Source material START

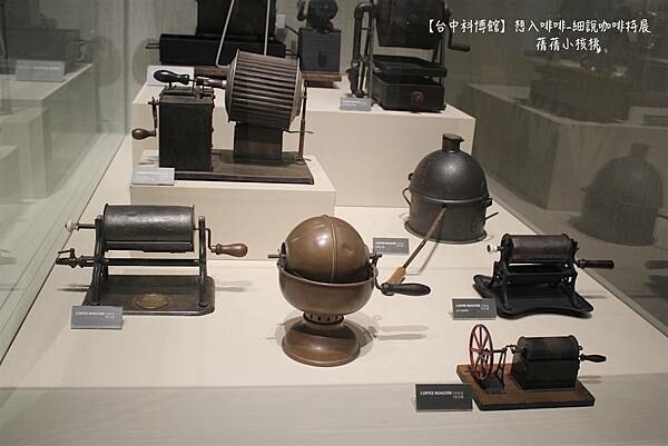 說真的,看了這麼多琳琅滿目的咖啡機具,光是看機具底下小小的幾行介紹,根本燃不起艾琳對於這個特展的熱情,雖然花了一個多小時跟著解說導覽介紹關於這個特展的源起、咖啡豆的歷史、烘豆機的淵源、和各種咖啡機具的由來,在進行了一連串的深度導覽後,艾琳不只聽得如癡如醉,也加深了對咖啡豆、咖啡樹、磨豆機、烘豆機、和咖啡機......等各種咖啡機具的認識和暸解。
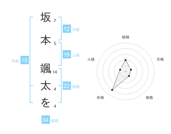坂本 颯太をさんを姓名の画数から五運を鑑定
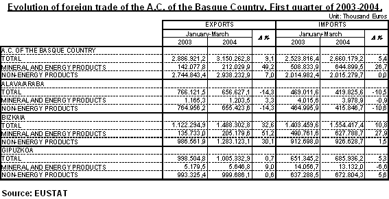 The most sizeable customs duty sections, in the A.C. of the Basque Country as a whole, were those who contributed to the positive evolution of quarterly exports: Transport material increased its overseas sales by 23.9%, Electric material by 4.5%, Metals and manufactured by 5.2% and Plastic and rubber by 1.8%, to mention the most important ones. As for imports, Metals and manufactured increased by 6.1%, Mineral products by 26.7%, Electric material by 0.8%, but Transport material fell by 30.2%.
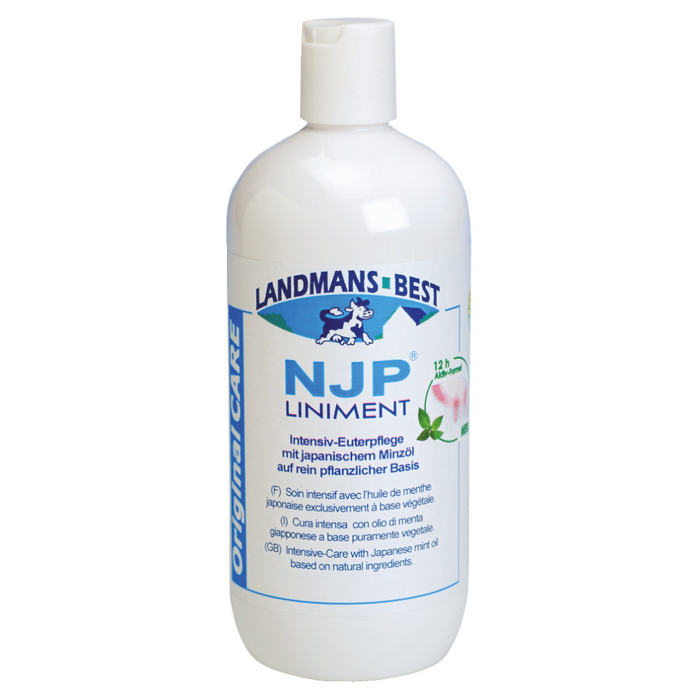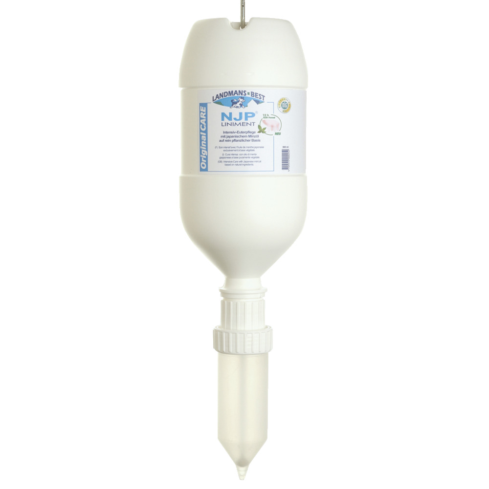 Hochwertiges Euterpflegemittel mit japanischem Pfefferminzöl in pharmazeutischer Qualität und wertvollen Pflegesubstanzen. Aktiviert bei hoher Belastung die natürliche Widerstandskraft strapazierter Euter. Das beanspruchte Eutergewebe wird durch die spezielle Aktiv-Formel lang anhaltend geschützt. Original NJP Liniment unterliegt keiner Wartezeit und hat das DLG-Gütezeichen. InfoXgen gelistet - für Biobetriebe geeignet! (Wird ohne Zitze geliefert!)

Source material END

Problem to work on ->
Please retype the listing in full, exactly as given, and skip every image.

Response to the exercise ->
 說真的,看了這麼多琳琅滿目的咖啡機具,光是看機具底下小小的幾行介紹,根本燃不起艾琳對於這個特展的熱情,雖然花了一個多小時跟著解說導覽介紹關於這個特展的源起、咖啡豆的歷史、烘豆機的淵源、和各種咖啡機具的由來,在進行了一連串的深度導覽後,艾琳不只聽得如癡如醉,也加深了對咖啡豆、咖啡樹、磨豆機、烘豆機、和咖啡機......等各種咖啡機具的認識和暸解。
坂本 颯太をさんを姓名の画数から五運を鑑定
 The most sizeable customs duty sections, in the A.C. of the Basque Country as a whole, were those who contributed to the positive evolution of quarterly exports: Transport material increased its overseas sales by 23.9%, Electric material by 4.5%, Metals and manufactured by 5.2% and Plastic and rubber by 1.8%, to mention the most important ones. As for imports, Metals and manufactured increased by 6.1%, Mineral products by 26.7%, Electric material by 0.8%, but Transport material fell by 30.2%.
 Hochwertiges Euterpflegemittel mit japanischem Pfefferminzöl in pharmazeutischer Qualität und wertvollen Pflegesubstanzen. Aktiviert bei hoher Belastung die natürliche Widerstandskraft strapazierter Euter. Das beanspruchte Eutergewebe wird durch die spezielle Aktiv-Formel lang anhaltend geschützt. Original NJP Liniment unterliegt keiner Wartezeit und hat das DLG-Gütezeichen. InfoXgen gelistet - für Biobetriebe geeignet! (Wird ohne Zitze geliefert!)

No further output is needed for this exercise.